Flexible loan bike system for urban citizens without stations

OPENbike is a concept for managing a renting bike system. It uses a software tool to handle an IT-system coupled with the bikes, making it easier to find them in the city. The concept was the winner of a design competition in Copenhagen (Denmark), arranged in order to develop a smarter way for people to travel around the city.

The challenge

Sustainable transport is a vital challenge to meet in order to reduce emissions from transport and improve urban environmental quality and human health. This will require decreased fossil fuel use from transport and increased low-carbon modes of transport such as biking.

The innovation

CPH Tender of Bike-Sharing System in Denmark recognized the challenge and wanted to develop a new commuter bike system for sustainable traveling. The vision was to create a way for people to use a public transport system from door to door. CHP is promoted by Copenhagen and Frederiksberg Municipalities and DSB, which created an EU tender for a design competition in Copenhagen in order to receive suggestions on how to solve the problem. The design competition can be considered to have been financed as a public grant funding for demonstration.

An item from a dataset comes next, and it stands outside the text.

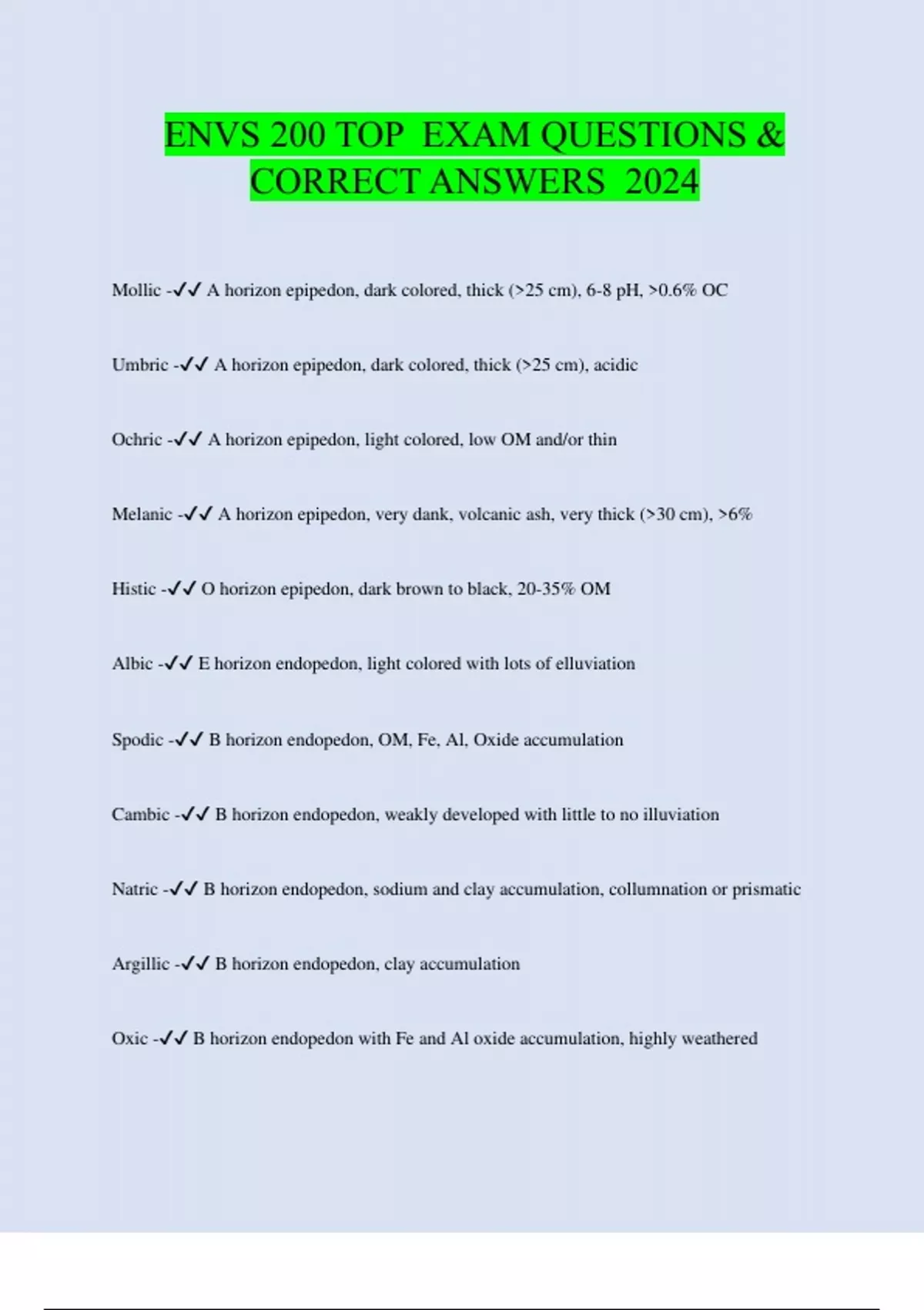 ENVS 200 TOP EXAM QUESTIONS & CORRECT ANSWERS 2024

The winner in the 2009 competition was a bike sharing know-how solution called OPENbike. OPENbike was a collaboration project of an international team consisting of LOTS Design, Koucky & Partners (both from Sweden) and Green Idea Factory (Germany).

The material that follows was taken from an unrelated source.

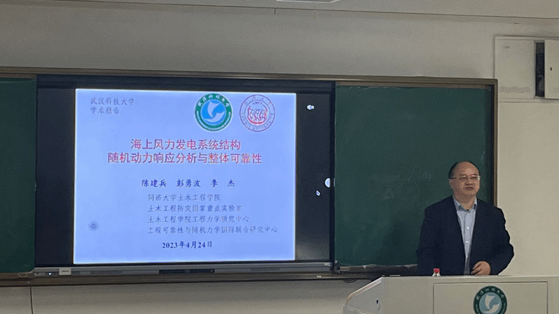 武科大网讯(通讯员文思宇)为进一步加强学术交流与合作,4月24日下午,同济大学陈建兵教授应邀于教十一楼A区617报告厅为全校师生作学术报告。报告主题为《海上风力发电系统结构随机动力响应分析与整体可靠性》。城市建设学院副院长朱红兵教授主持本次学术报告会,百余名师生现场参会。

OPENbike is a solution for tailored public transport that can be changed in a way that fits both a single traveler and a family. The concept is an urban transport solution based on the natural way that people move. The system will make it easier for people to make trips in the city by allowing them to pick up and leave the bike wherever they are, using no stations. In order for this to work OPENbike uses IT-systems (GSM/GPRS) coupled to the bikes and the mobile phone network. This will make the bikes easy to find by integrating a positioning solution, which means they can be located using mobile phones. Users should also be able to book a bicycle via their mobile phone. Additionally the system uses contactless smart cards (RFID) for payment and subscription, which makes it possible to identify users and unlock the bicycles. RFID technology is often used in public transport and as the concept uses existing technology, it was possible to integrate the bicycles with a public transport payment system etc.

Why did it work?

The project OPENbike started with identifying and benchmarking the different solutions of renting bike systems in European cities, including searching the factors that affect the transferability of bike-sharing system among cities, regions and countries. The identification gave ideas for the solution OPENbike, which won the first prize in the international design competition in Copenhagen in 2009.

A success factor of the OPENbike concept was the creation of an efficient and flexible system for bike-sharing that could easily be integrated into the existing public transport in Copenhagen. Simultaneously, the concept was easy and simple for the end user, which is crucial if it is to succeed in reality.

Further deployment

The project is still on a level of demonstrating realistic prototypes and can be estimated to have reached 5 on the TRL scale. However, city integration and upscaling is highly depending on resources, and the future of the OPENbike system is therefore unclear.